▼

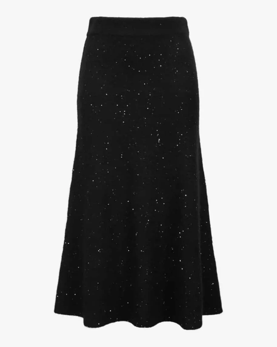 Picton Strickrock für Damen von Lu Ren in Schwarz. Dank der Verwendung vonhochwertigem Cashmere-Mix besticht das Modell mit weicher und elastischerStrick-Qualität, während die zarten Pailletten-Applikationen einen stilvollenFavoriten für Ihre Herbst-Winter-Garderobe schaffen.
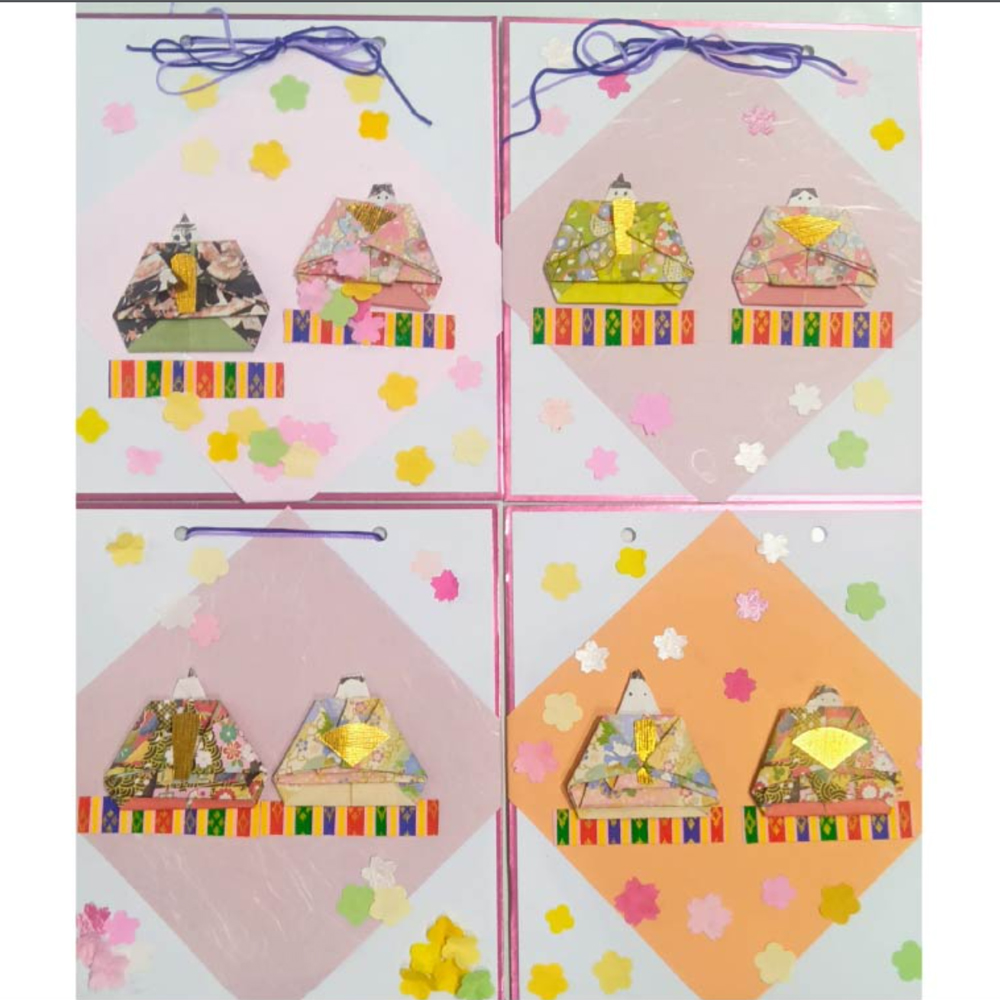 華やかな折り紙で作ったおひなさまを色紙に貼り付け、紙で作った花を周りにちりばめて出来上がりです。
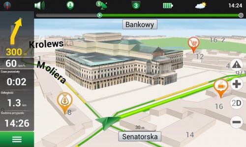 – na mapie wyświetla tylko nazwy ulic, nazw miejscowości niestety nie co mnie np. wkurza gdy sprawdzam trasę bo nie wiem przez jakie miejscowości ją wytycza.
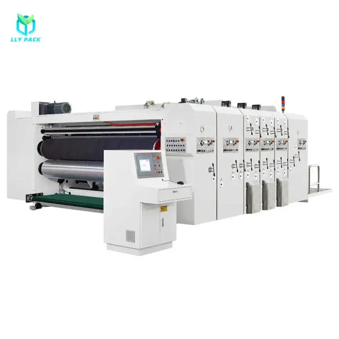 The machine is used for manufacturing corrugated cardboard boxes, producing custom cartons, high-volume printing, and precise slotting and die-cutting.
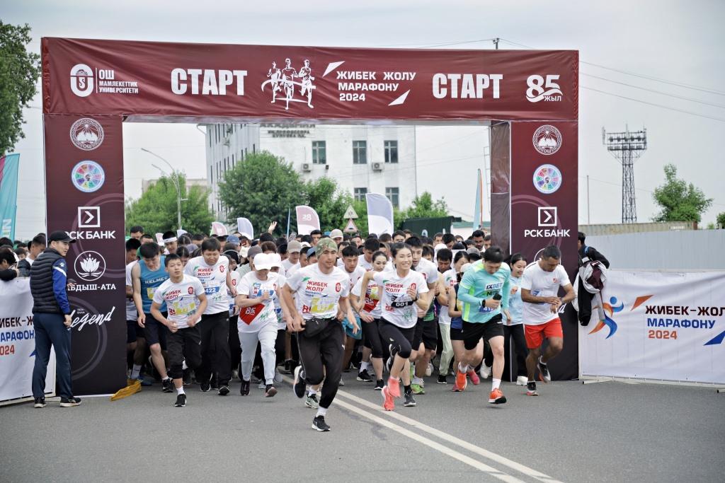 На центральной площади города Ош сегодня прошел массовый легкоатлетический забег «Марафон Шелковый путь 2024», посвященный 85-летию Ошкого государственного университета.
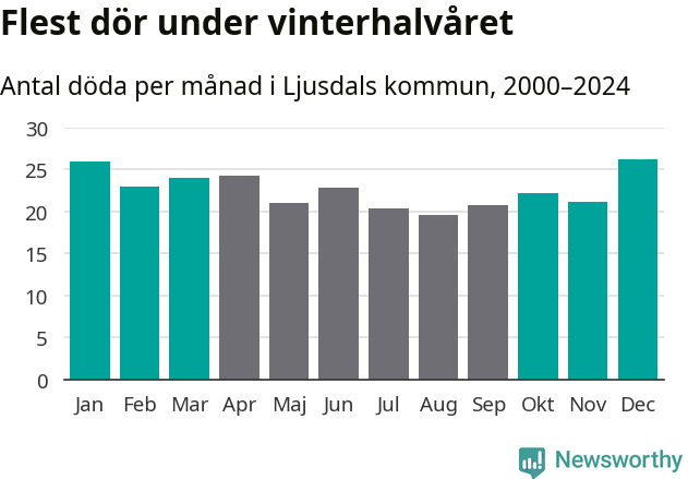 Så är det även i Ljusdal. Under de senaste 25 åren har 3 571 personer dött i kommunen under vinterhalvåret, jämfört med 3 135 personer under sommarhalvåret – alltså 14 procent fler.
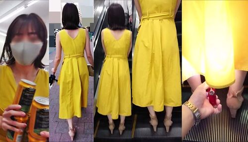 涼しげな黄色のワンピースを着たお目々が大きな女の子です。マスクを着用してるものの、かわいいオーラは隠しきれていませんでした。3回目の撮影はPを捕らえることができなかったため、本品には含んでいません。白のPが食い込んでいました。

▲

What is required> Repeat word for word, leaving out the pictures, each line of the records from the line that holds "The machine is" through the final one.

Written solution>
 The machine is used for manufacturing corrugated cardboard boxes, producing custom cartons, high-volume printing, and precise slotting and die-cutting.
 На центральной площади города Ош сегодня прошел массовый легкоатлетический забег «Марафон Шелковый путь 2024», посвященный 85-летию Ошкого государственного университета.
 Så är det även i Ljusdal. Under de senaste 25 åren har 3 571 personer dött i kommunen under vinterhalvåret, jämfört med 3 135 personer under sommarhalvåret – alltså 14 procent fler.
 涼しげな黄色のワンピースを着たお目々が大きな女の子です。マスクを着用してるものの、かわいいオーラは隠しきれていませんでした。3回目の撮影はPを捕らえることができなかったため、本品には含んでいません。白のPが食い込んでいました。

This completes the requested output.